Chapter Name: Sound
Activity Name: Observing the movements of vocal cords during speech in Sound
In this experiment, you will observe the movements of the vocal cords during speech. You will ask a friend to raise their neck and place a stretched chocolate wrapper across their mouth. Then, your friend will blow air forcibly on the wrapper in two different ways: once forcefully and once slowly. You will observe the changes in the movements of their throat during these two occasions.
- A chocolate wrapper
- A willing participant (your friend)
Step by Step Procedure:
- Ask your friend to raise their neck slightly.
- Stretch the chocolate wrapper across their mouth, ensuring it is taut.
- Instruct your friend to blow air on the wrapper forcibly in the first trial.
- Observe the movements in their throat during this trial.
- Ask your friend to blow air on the wrapper slowly in the second trial.
- Observe the movements in their throat during this trial as well.
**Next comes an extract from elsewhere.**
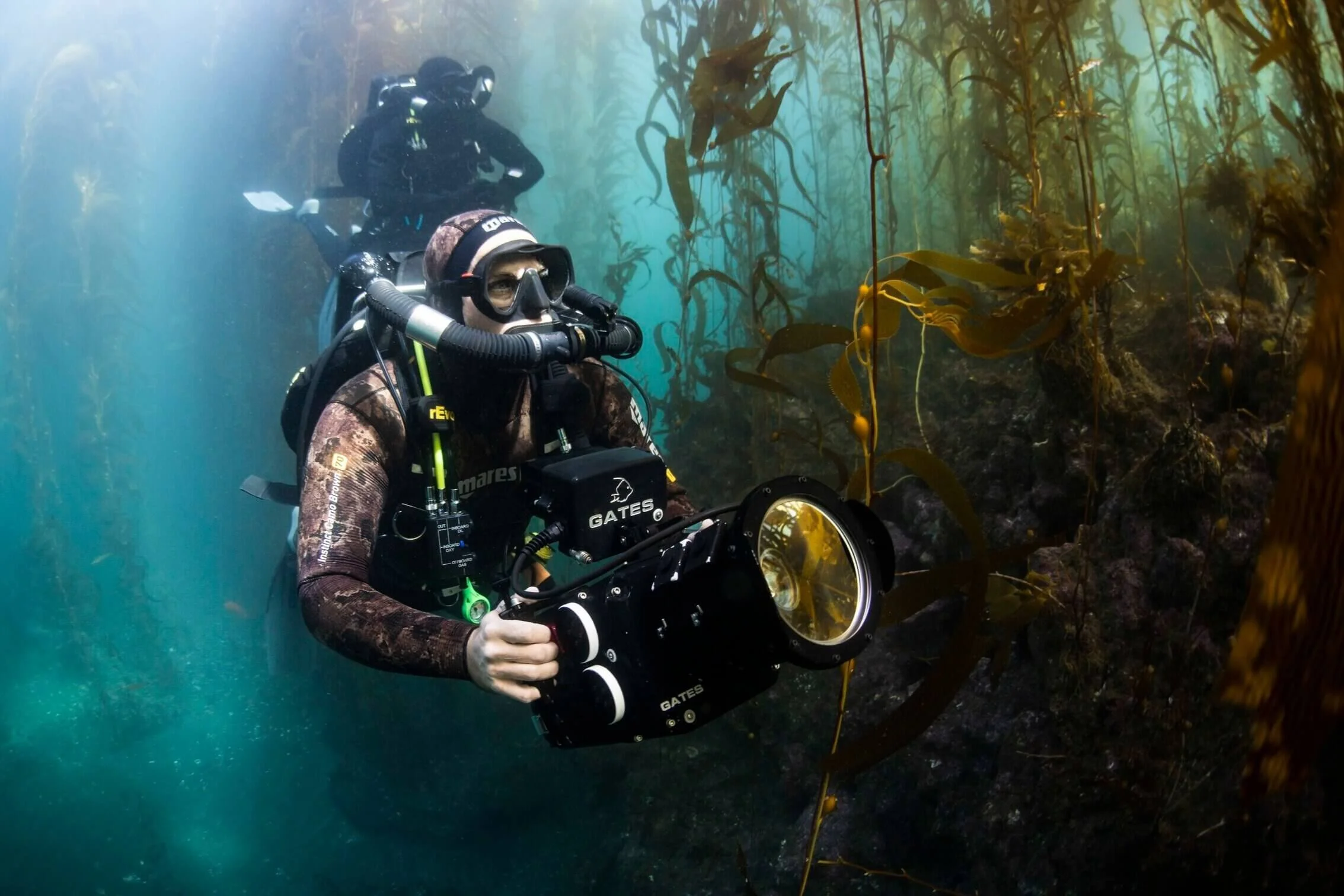 I personally own a variety of my own kit but there’s not a one size fits all answer. When approaching a shoot, I think about what we’re trying to achieve, and build the kit list off that to suit the story we’re trying to tell. But in general, we’re using some type of RED camera in a Gates or Nauticam underwater system. At the end of the day, the kit is just a tool we use to tell a story, so don’t get too caught up in K’s or frame rates if that piece of equipment isn’t going to drive the sequence forward. And then for diving, I’m usually either on my rEvo micro rebreather, open circuit with a steel 100, or open circuit with a small pony bottle for really dynamic work.

- During the first trial (forceful blowing), the voice box (vocal cords) gets tensed and produces a high sound. In contrast, during the second trial (slow blowing), the vocal cords are close to the normal position of the throat, and they produce a lower sound.
- Ensure your friend is comfortable and willing to participate in the experiment.
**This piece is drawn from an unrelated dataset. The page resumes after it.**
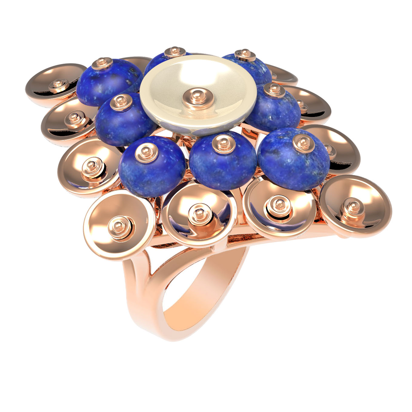 Кольцо из золота c лазуритом и перламутром

- Use a clean chocolate wrapper to avoid any hygiene issues.
- Make sure the wrapper is stretched tightly across the mouth for accurate observations.
Lesson Learnt from Experiment:
The sound produced during speech is influenced by the movements of the vocal cords. Forceful blowing tenses the vocal cords, resulting in a higher pitch sound, while slower blowing relaxes the vocal cords, leading to a lower pitch sound. The sound we produce during speech is a combination of vibrations from the chocolate wrapper and the movements of the vocal cords.